Hello, Flock no longer works on FreeBSD 13p0 when using FuseFS. This has been tested with two different fusefs clients. Tested: MooseFS 3.0.115 from the ports tree. Tested: fusefs-sshfs-3.7.1 from packages. Here's a simple test to demonstrate the issue using sshfs. 1: Install fusefs-sshfs, flock, and bash. pkg install fusefs-sshfs flock bash 2: Create a sshfs mount. You can do this locally by allowing root login over ssh, or any other user. I'll use root to avoid any permission type issues. service sshd onestart mkdir /mnt/test sshfs root@127.0.0.1:/root /mnt/test The contents of /root should now be showing at /mnt/test 3: Create the test script at /mnt/test/flock-test.sh ------------------- #!/usr/bin/env bash exec 200> ./lock.file echo "Acquire lock" flock -n 200 || exit 1 echo "Sleep 5 secs." sleep 5 echo "Release lock" flock -u 200 || exit 2 echo "Lock released" exit --------------- 4: Make the script executable chmod u+x flock-test.sh 5: Run the script twice. ./flock-test.sh There seems to be different errors depending on if the 'lock.file' previously exists. Note, the same issue happens on MooseFS, but it's more complicated to setup. Here are MooseFS setup instructions, previously written for bug #245689, https://bz-attachments.freebsd.org/attachment.cgi?id=213598 The flock-test.sh script works as expected on FreeBSD 12.2.

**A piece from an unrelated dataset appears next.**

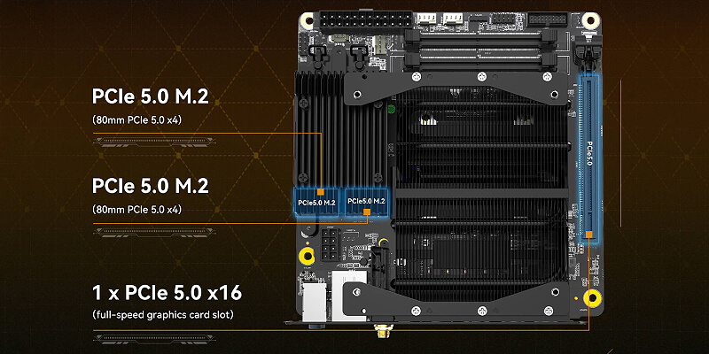 ה-mini-ITX M/B הוא לוח ה-MoDT (Mobile on Desktop) הראשון המופעל על ידי מעבד AMD Ryzen 9 7945HX מובנה, עם חריצי PCIe5.0 M.2 כפולים.

Here's the Flock test using PHP instead of sh. ---------- flock-test.php --------------- <?php echo "Hello"; print " World \n"; $fp = fopen("lock.file", "w"); if (flock($fp, LOCK_EX)) { print "Got lock!\n"; print "Sleep five secs.\n"; sleep(5); flock($fp, LOCK_UN); print "Released lock!\n"; } ?> -------------------------------------------- Be sure to run it on a FuseFS mount, and run it twice. For some reason the PHP version succeeds the first time so long as the 'lock.file' file does not exist.
Thanks for the good reproduction case. I'll try to dig into this soon.
Ok, you're going to have to help me out here. What am I looking for? How do I tell if the test passes or fails? What is the difference in behavior on FreeBSD 13.0 vs 12.2?
On FreeBSD 13, the flock function appears to either not create the lock, or not release it. In cases of the lock file already existing, the entire process just hangs when tested with PHP. For example, run the flock-test.sh on FreeBSD 12.2 twice. -- root@freebsd12:/storage/chunk/test # ./flock-test.sh Acquire lock Sleep 5 secs. Release lock Lock released root@freebsd12:/storage/chunk/test # ./flock-test.sh Acquire lock Sleep 5 secs. Release lock Lock released -- It works both times. Now run it on FreeBSD 13. -- root@freebsd13:/storage/chunk/test # ./flock-test.sh Acquire lock Sleep 5 secs. Release lock flock: 200: Invalid argument root@freebsd13:/storage/chunk/test # ./flock-test.sh Acquire lock -- Both runs show errors, when it should just work. Using PHP to test instead of the .sh script shows different errors, but still ends up in locking/unlocking not working. FreeBSD 12.2 is working. Here's the test run twice. -- root@freebsd12:/storage/chunk/test # php flock-test.php Hello World Got lock! Sleep five secs. Released lock! root@freebsd12:/storage/chunk/test # php flock-test.php Hello World Got lock! Sleep five secs. Released lock! -- Now test it on FreeBSD 13. This will actually work if the lock file does not exist. It hangs if the lock file does exist. For example. -- root@freebsd13:/storage/chunk/test # php flock-test.php Hello World Got lock! Sleep five secs. Released lock! -- Now 'ls' the current directory and see that the lock.file file exists. Then run the test again. -- root@freebsd13:/storage/chunk/test # php flock-test.php Hello World ... The process hangs. You need to <ctrl><c> to get out of it.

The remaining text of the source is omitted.